In February, following the lessons from Operation Cast Lead, Coordinator of Government Activities in the Territories (COGAT) Maj. Gen. Eitan Dangot was instructed to set up a layout of humanitarian aid officers that will accompany the battalions in the field.

 

"These officers," according to Dangot, "are in contact with the Palestinian Authority in Judea and Samaria and with representatives of the aid organizations in the Gaza Strip and are meant to coordinate between them and the forces in the field and to indicate the locations of sensitive facilities such as hospitals, schools, and UN aid centers."

 

This put the number of officers who have the field commander's ear but are not part of the combat layout at three: a media advisor, or, in military language, an IDF Spokesperson Unit representative, a legal advisor, or, put otherwise, a representative of the Military Prosecution, and an advisor for humanitarian affairs, a representative of the COGAT.

 

Each of these advisors, separately and together, are meant to ensure that the fighting in the territories will look better and sound better, and, mainly, will prevent the next Goldstone report.

 

The officers in the field were not exactly enthusiastic about the idea.

 

"The idea is a correct one," a lieutenant colonel told me. "In the future battlefield, media, legal, and humanitarian dilemmas can dictate how the force will behave even more than topographical demands.

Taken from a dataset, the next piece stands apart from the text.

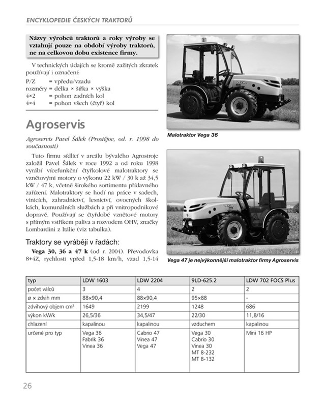 Encyklopedie traktorů popisuje české a slovenské kolové i pásové traktory, lokomobily a motorové pluhy, používané pro mechanizaci polních, lesních, stavebních a dalších prací od přelomu 19. a 20. století až do současnosti.
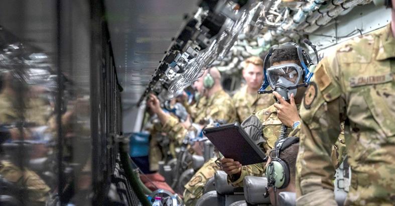 U.S. Air Force Senior Airman Gregory Allen, 763rd Expeditionary Reconnaissance Squadron airborne cryptologic language analyst, checks his flight mask on an RC-135 Rivet Joint during Operation Agile Spartan at Naval Support Activity Souda Bay, Greece, Aug. 20. This exercise not only highlighted AUAB’s commitment of maintaining readiness and deterrence toward adversaries in the U.S. Central Command’s area of responsibility, but also the 379th Air Expeditionary Wing’s ability to rapidly generate combat airpower and engage in agile combat employment scenarios. The month-long, multinational operation demonstrated interoperability between regional partners, improved response capabilities, and further enhanced security throughout the region.

But to say it makes it easier for us? Not at all. Even worse. In my opinion, it won't even spare us the next media onslaught."

 

Has the IDF read the map of the new battlefield correctly by understanding that victory does not lie solely in the hands of the soldiers, as skilled and determined as they may be, or that it is a futile effort at best and a fig leaf at worst? That war will forever be the same horrid, bleeding occurrence spawning commissions of inquiry time after time here and abroad?  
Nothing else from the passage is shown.